→ BRIEF
When you transcribe the entries, reproduce every character and exclude the images.

→ TASK INPUT
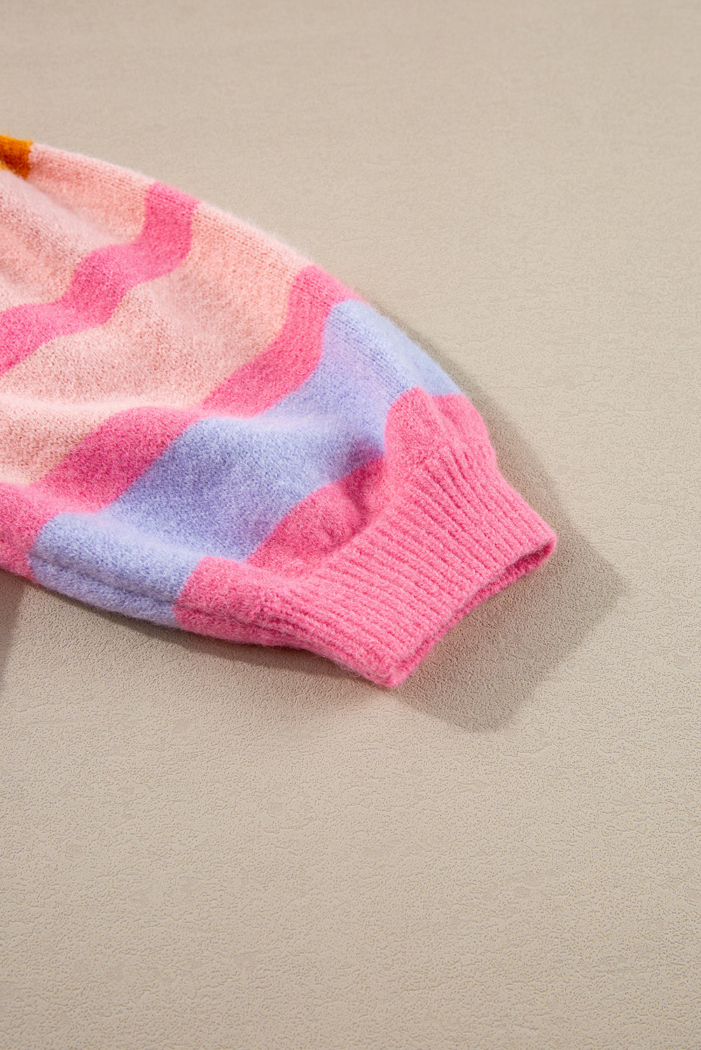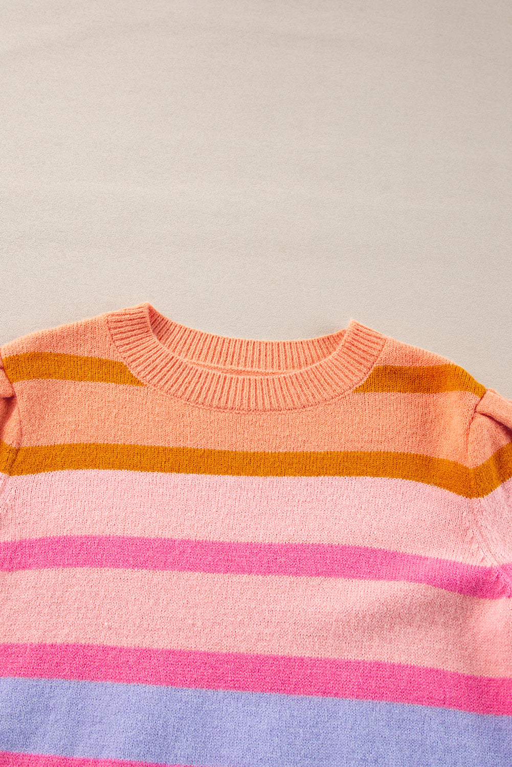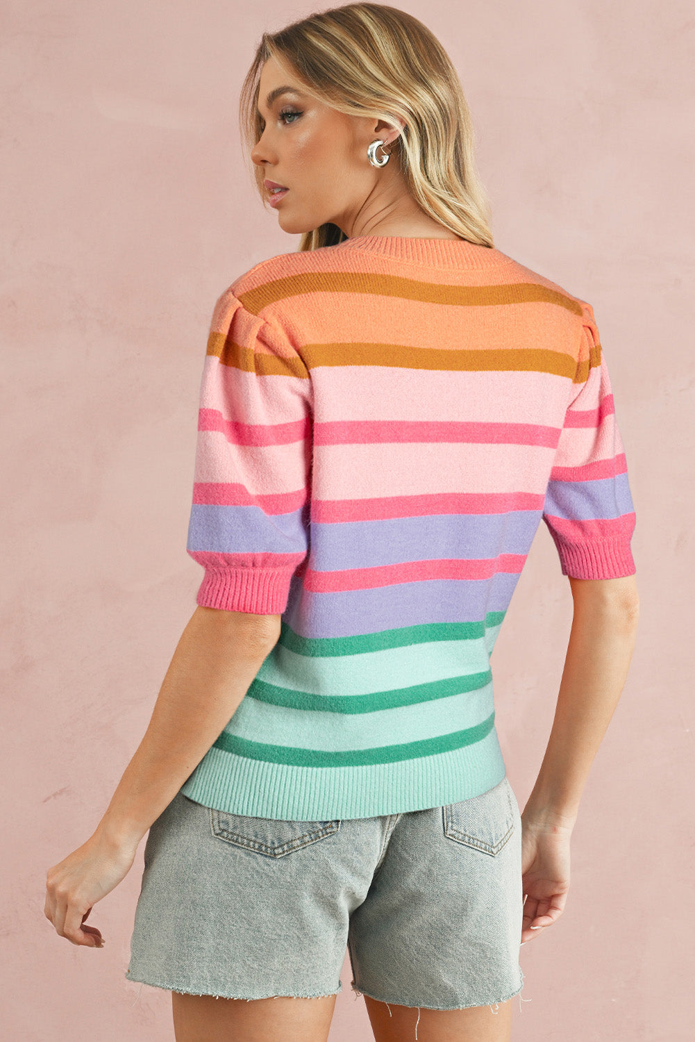 Rose Red Colourful Stripe Bubble Sleeve Gradient Knit Top
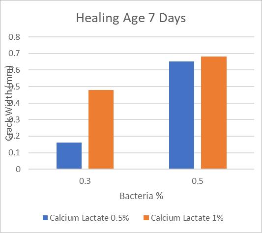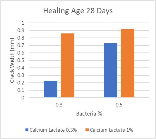 Morecalciumlactateandbacteriaarepresent,the widerthefracturethatcanbemended.Maximum crackhealingwasseenwith1%calciumlactateand 0.5%bacteria,withawidthof0.68mmafter7days and0.92mmafter28days,respectively.
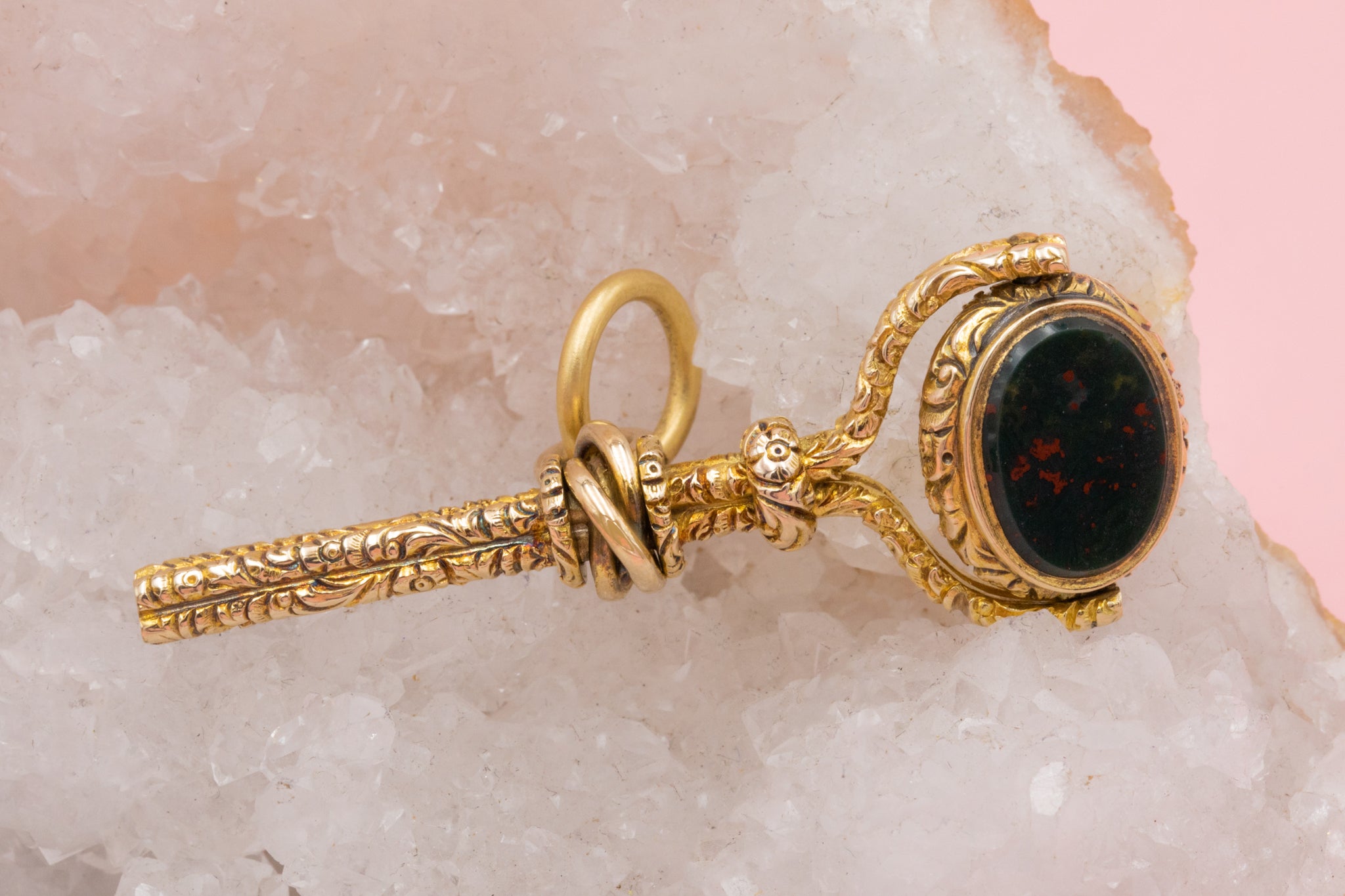EXCELLENT. This Georgian 15ct Gold fancy swivel fob watch key pendant is in excellent condition. The 15ct Gold remains in great nick throughout, with the repoussé design fully intact. The gemstones are securely set, and the swivel mechanism is in fine working order. The jump-ring is also securely attached for your peace of mind!
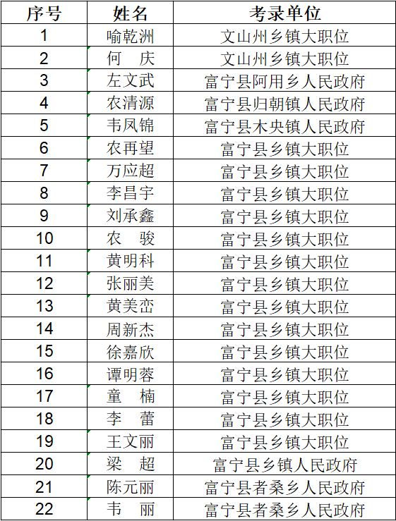 2020年考試錄用公務員經(jīng)體檢合格由富寧縣負責考察的考生,具體人員名單及考察單位分配如下:
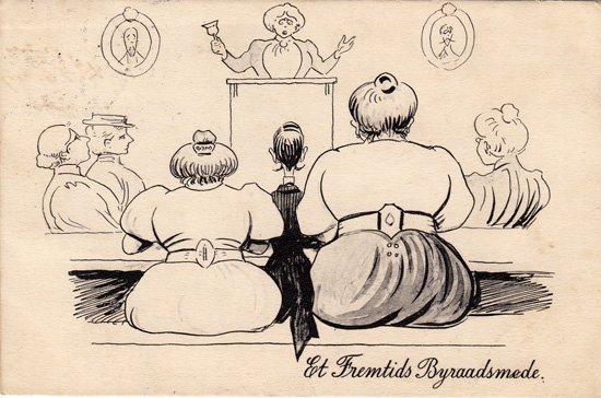 HER ER NOGLE FÅ POSTKORT SOM ER UDGIVET I FORBINDELSE MED ÆNDRINGEN AF GRUNDLOVEN DA KVINDERNES VALGRET BLEV INDFØRT.
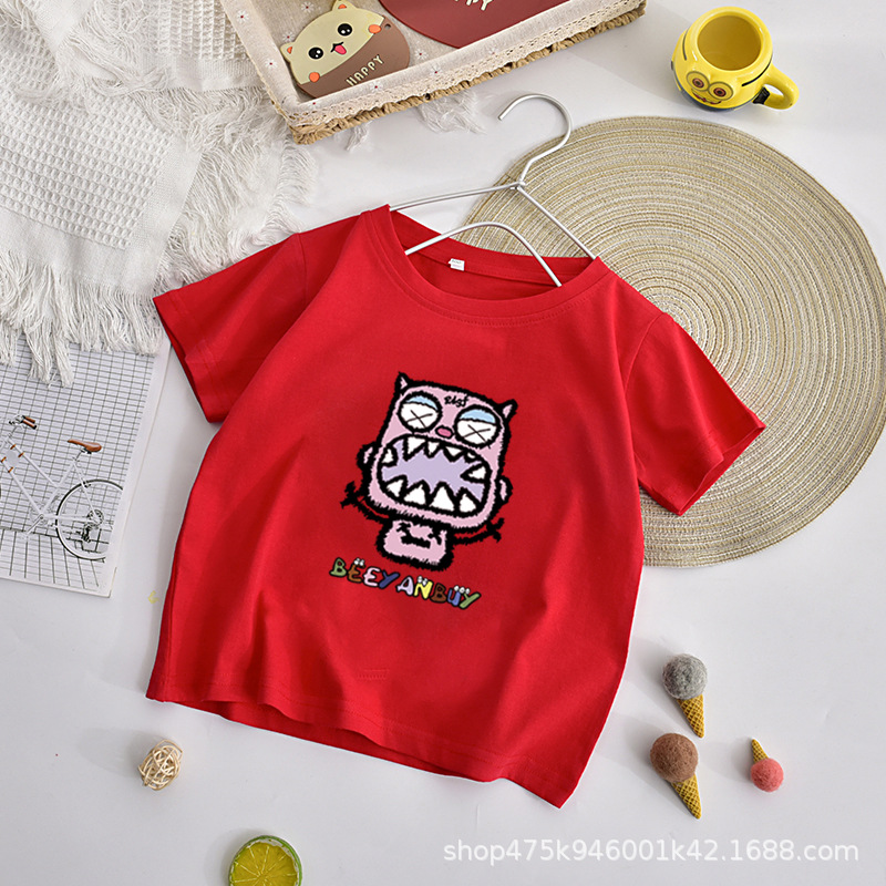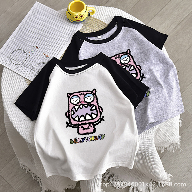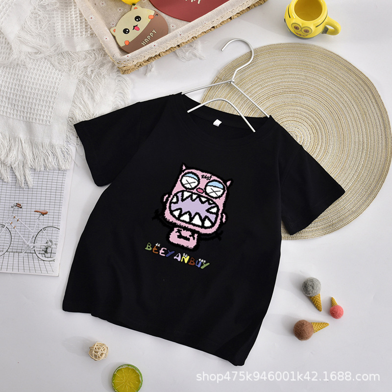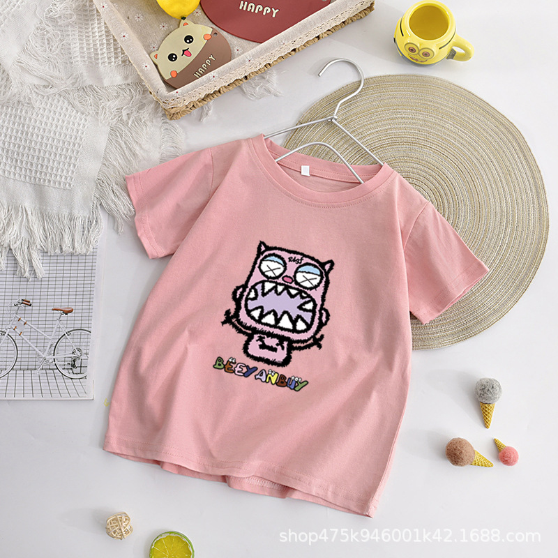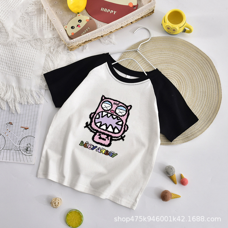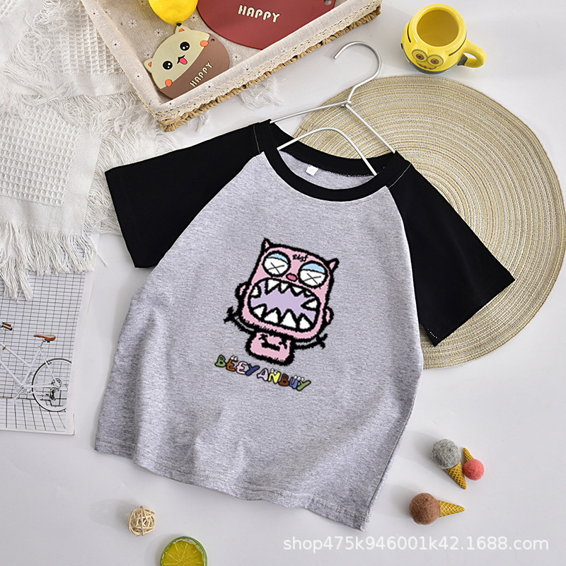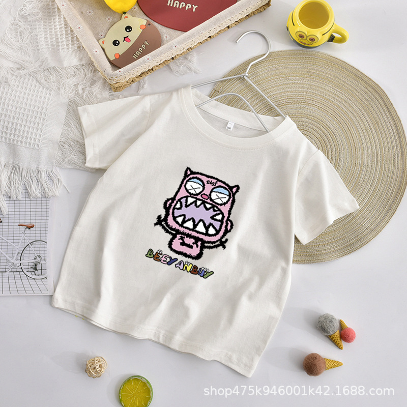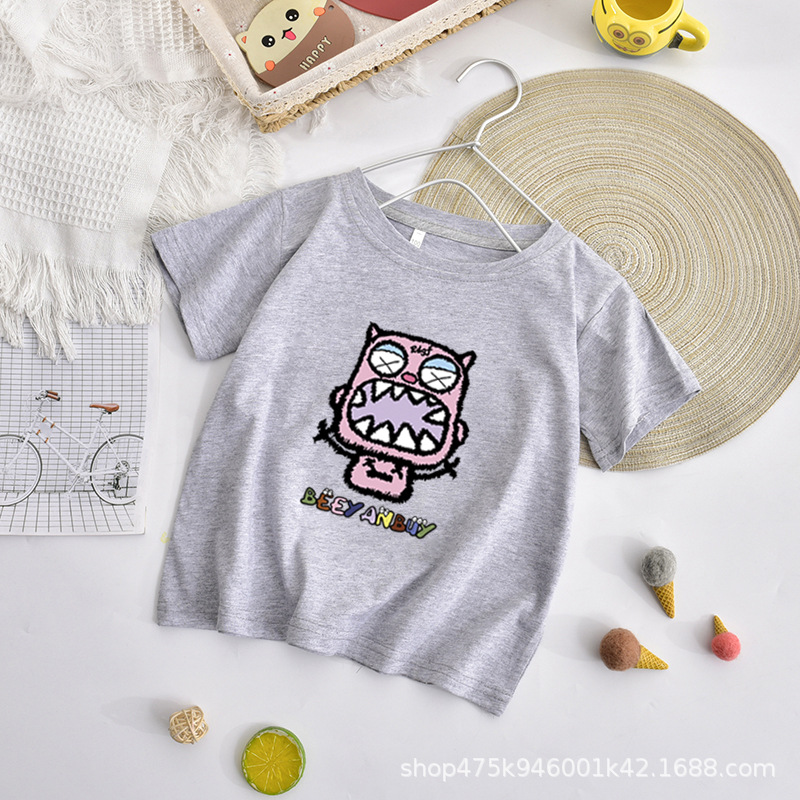 도매 국경 소년 소녀 얇은면 반팔 셔츠 여름 어린이 서양식 만화 둥근 목 반팔 티셔츠 느슨한스토어 가기
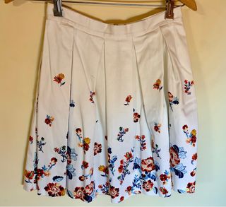 Falda con vuelo de The Closet London, color blanco con estampado de flores. Tejido con buena caída, muy favorecedora, ideal para primavera-verano, eventos informales o looks arreglados con sandalia o cuña. Usada en muy buen estado. Marca: The Closet London Color: Blanco con estampado floral Corte: Vuelo / evasé Estado: Muy bueno
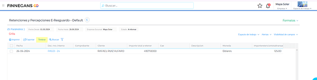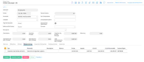 En el siguiente ejemplo solo se cancelan las solo retenciones. Para ello, mediante el asistente se selecciona la factura y se activa el check Aplica solo sobre retenciones
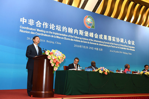 2016年7月29日,中非合作论坛约翰内斯堡峰会成果落实协调人会议在北京开幕。中国国家主席习近平向会议发来贺信。国务委员杨洁篪出席开幕式并宣读了习近平主席的贺信。
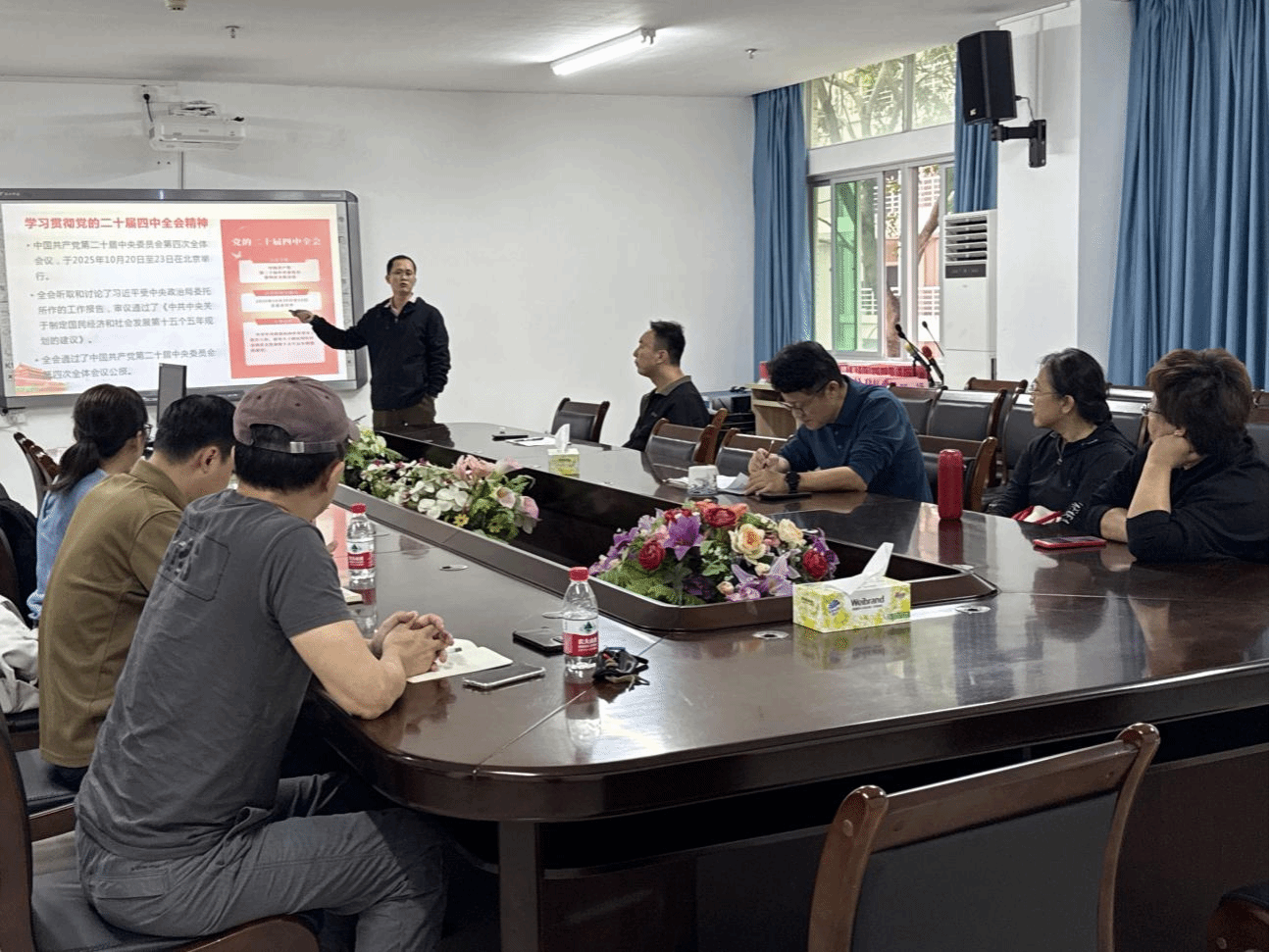2025年11月18日下午,今年会官方网站“形势与政策”教研室在社科楼A311召开集体备课会。本次备课会主题为:党的二十届四中全会精神相关内容融入建设更高水平平安中国专题讲课。会议由教研室主任彭兴智主持,全体教研室成员与部分授课教师参加。

→ TASK SOLUTION
 Rose Red Colourful Stripe Bubble Sleeve Gradient Knit Top
 Morecalciumlactateandbacteriaarepresent,the widerthefracturethatcanbemended.Maximum crackhealingwasseenwith1%calciumlactateand 0.5%bacteria,withawidthof0.68mmafter7days and0.92mmafter28days,respectively.
EXCELLENT. This Georgian 15ct Gold fancy swivel fob watch key pendant is in excellent condition. The 15ct Gold remains in great nick throughout, with the repoussé design fully intact. The gemstones are securely set, and the swivel mechanism is in fine working order. The jump-ring is also securely attached for your peace of mind!
 2020年考試錄用公務員經(jīng)體檢合格由富寧縣負責考察的考生,具體人員名單及考察單位分配如下:
 HER ER NOGLE FÅ POSTKORT SOM ER UDGIVET I FORBINDELSE MED ÆNDRINGEN AF GRUNDLOVEN DA KVINDERNES VALGRET BLEV INDFØRT.
 도매 국경 소년 소녀 얇은면 반팔 셔츠 여름 어린이 서양식 만화 둥근 목 반팔 티셔츠 느슨한스토어 가기
 Falda con vuelo de The Closet London, color blanco con estampado de flores. Tejido con buena caída, muy favorecedora, ideal para primavera-verano, eventos informales o looks arreglados con sandalia o cuña. Usada en muy buen estado. Marca: The Closet London Color: Blanco con estampado floral Corte: Vuelo / evasé Estado: Muy bueno
 En el siguiente ejemplo solo se cancelan las solo retenciones. Para ello, mediante el asistente se selecciona la factura y se activa el check Aplica solo sobre retenciones
 2016年7月29日,中非合作论坛约翰内斯堡峰会成果落实协调人会议在北京开幕。中国国家主席习近平向会议发来贺信。国务委员杨洁篪出席开幕式并宣读了习近平主席的贺信。
2025年11月18日下午,今年会官方网站“形势与政策”教研室在社科楼A311召开集体备课会。本次备课会主题为:党的二十届四中全会精神相关内容融入建设更高水平平安中国专题讲课。会议由教研室主任彭兴智主持,全体教研室成员与部分授课教师参加。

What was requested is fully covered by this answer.